Because of the critical influence of RNA integrity on downstream experiments, there is a strong need for a reliable, reproducible, and standardized approach to classify the quality of RNA samples. The long time standard consisting in a 28S to 18S peak ratio of 2.0 was shown to provide only weak correlation with RNA integrity.
The Agilent 2100 bioanalyzer, a bio-analytical device based on a combination of microfluidics, microcapillary electrophoresis, and fluorescence detection, provides a platform to record the size distribution of molecules, e.g., RNA, in a digital format. Since this approach is highly reproducible and automated, it provides the basis for an automated, user-independent, and reproducible approach to evaluate the integrity of RNA samples using a software algorithm.
For the development of the RNA Integrity Number algorithm, a total of 1208 RNA samples from various sources and of different degradation states was analyzed. After assigning the samples to 10 different categories ranging from 1 (worst) to 10 (best), methods from information theory were applied to calculate features describing the curve of the electropherogram. In the following step, features were selected for further processing that showed high information content about the task to distinguish the 10 categories. These features were then taken as input variables for a model-training step. Here, using a Bayesian learning approach to select the most probable model, several models were trained utilizing artificial neural networks and the best was chosen for prediction of previously unseen test data. The result produced by this procedure is an algorithm called RNA Integrity Number (RIN).
Analysis of the RIN model
The RIN algorithm is based on a selection of features that contribute information about the RNA integrity. It is obvious, that a single feature is hardly sufficient for a universal integrity measure. Moreover, a combination of different features covers several aspects of the measurement and is more robust against noise in the signal (see Additional file 2
for a overview of all features). To understand why the features were selected and to enhance the confidence for application specialists it is important, to give an interpretation of the features:
1. The total RNA ratio measures the fraction of the area in the region of 18S and 28S compared to the total area under the curve and reflects the proportion of large molecules compared to smaller ones. It has large values for categories 6 to 10.
2. The height of the 28S peak contributes additional information about the state of the degradation process, i.e. during degradation, the 28S band disappears faster than the 18S band. Therefore, it allows detection of a beginning degradation.
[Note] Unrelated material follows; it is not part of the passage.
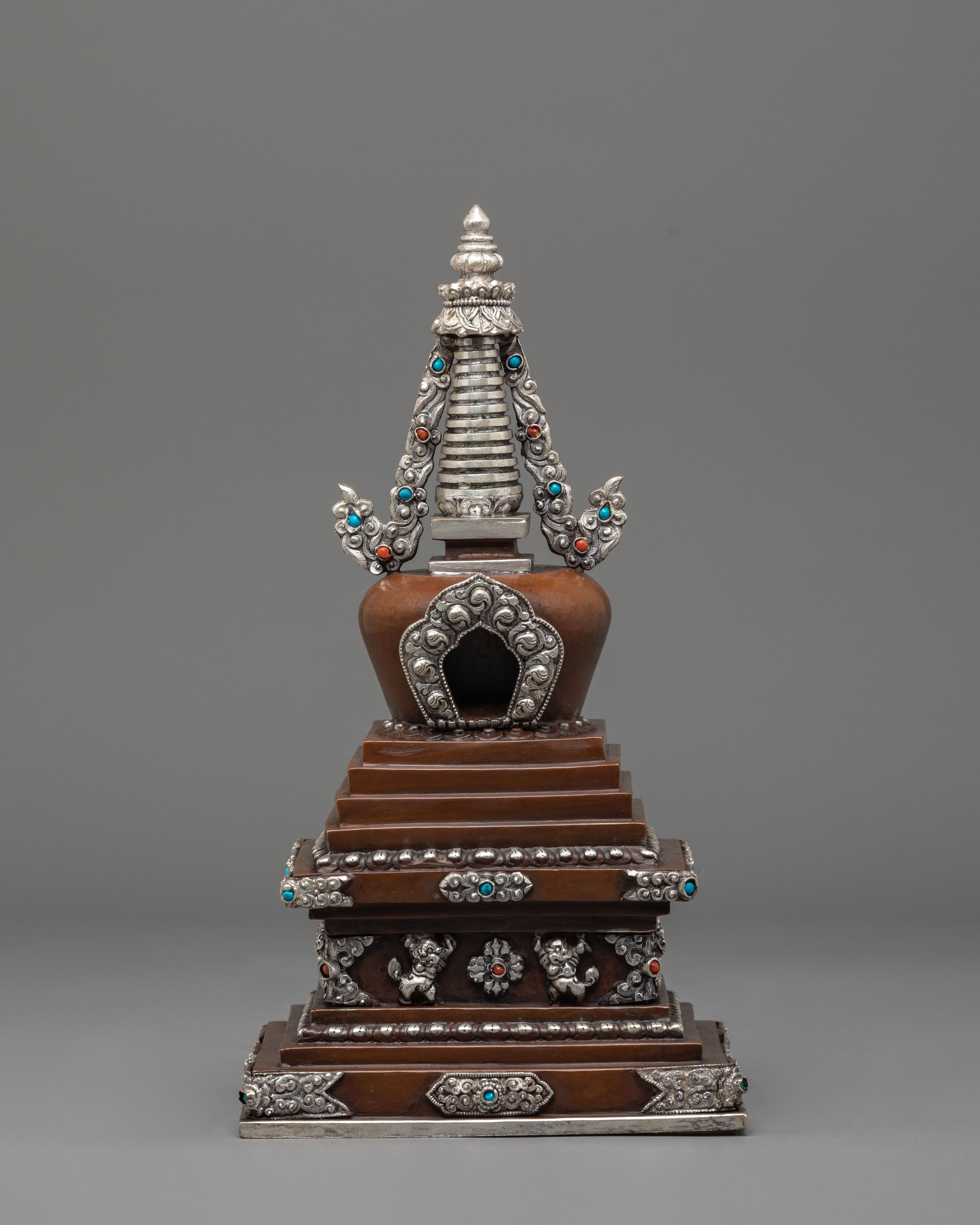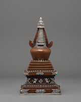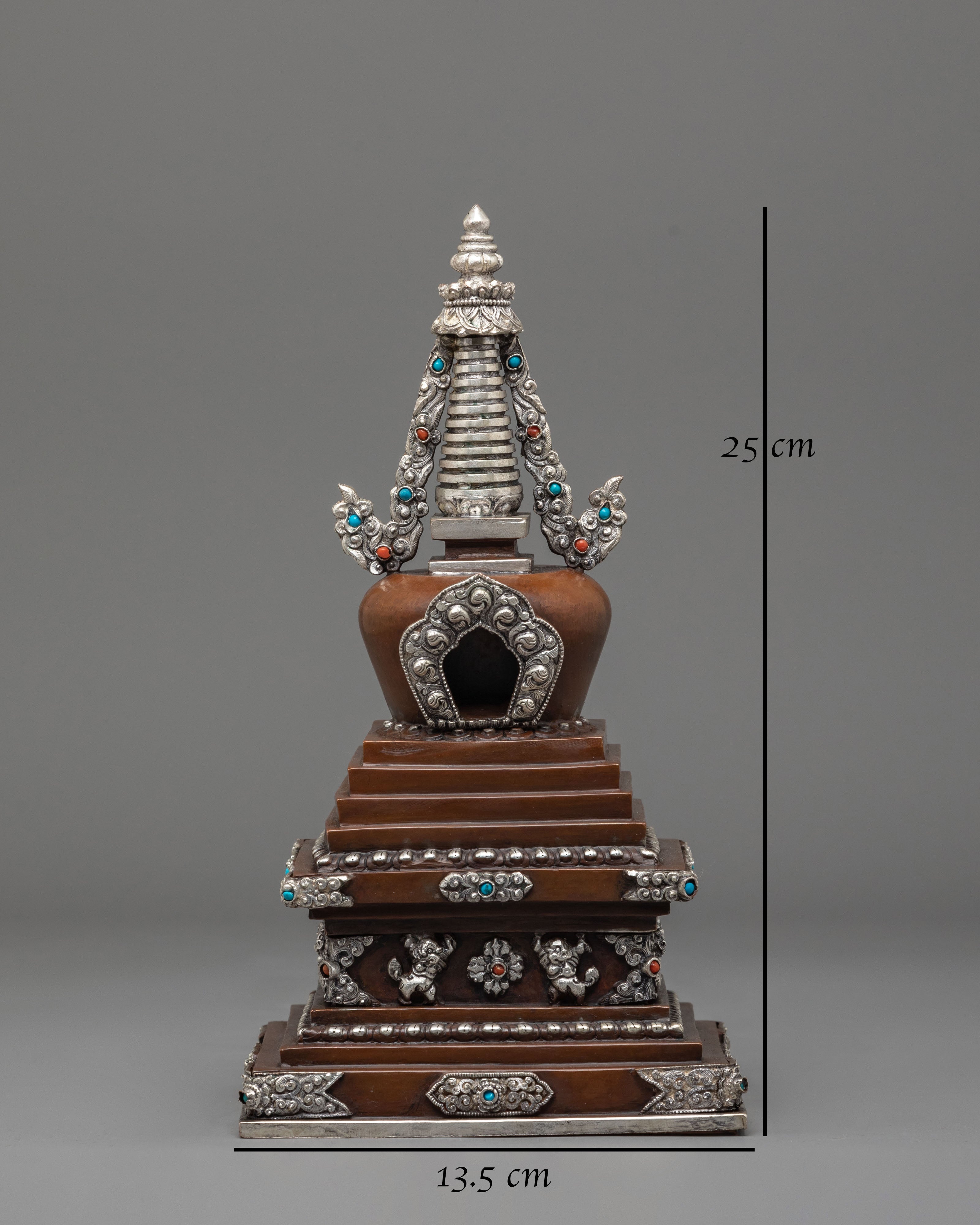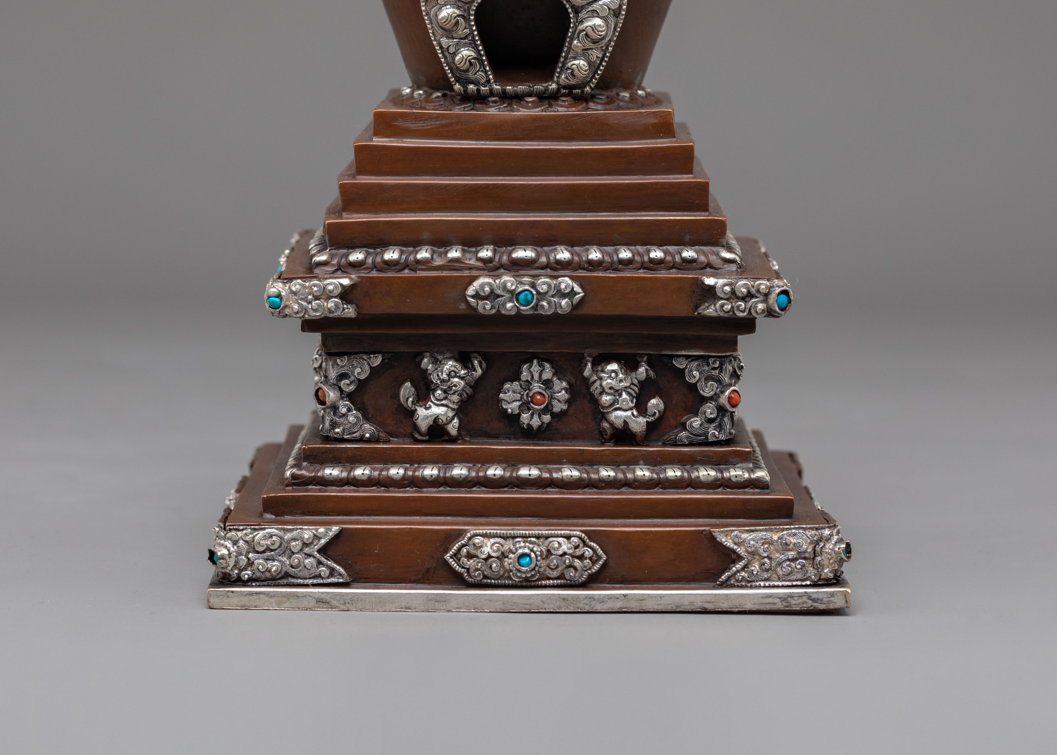 Every aspect of this Oxidized Copper Himalayan Ritual Stupa is imbued with spiritual meaning and expert craftsmanship. The square base symbolizes solidity and the physical world, whilst the dome represents the universe. The spire, which rises upward, represents the connection between human consciousness and enlightenment. The silver-plated accents and turquoise and coral stones highlight its mystical presence, boosting its spiritual vitality. The delicate carvings reveal the passion, expertise, and spiritual depth of traditional Himalayan artists, creating a sculpture that is both beautiful and meaningful.

It has largest values for categories 9 and 10, and zero values for categories 1 to 3.
3. The fast area ratio reflects how far the degradation proceeded and has typically larger values for the categories 3 to 6.
4. The marker height has large values for categories 1 and 2 and small values for all other categories since short degradation products will overlap with the lower marker.
Figure shows the projection of the distribution of integrity categories onto a two-dimensional space spanned by the two most important features. Clearly, a global non-linear relationship can be observed. The experiments are grouped along a characteristic line with varying variance. The boundaries between adjacent categories are not perfectly sharp, but clearly visible in this projection with some interchanges.
Figure 7 2D visualization of integrity categories. The figure shows a projection of the categories onto the two-dimensional space spanned by the first two features of the selected combination. These are total RNA ratio and 28S peak height. The experiments are (more ...)
Comparing the approaches
Using a single simple feature to judge RNA Integrity was already shown to be insufficient [2
]. While focusing on one aspect of the electropherogram allows for a rough orientation about the integrity, it is still subjective to a high degree. Linear models based on these features show a mean squared error that is four to sixty times higher (degradation factor resp. 28S/18S ratio) than compared to the proposed approach.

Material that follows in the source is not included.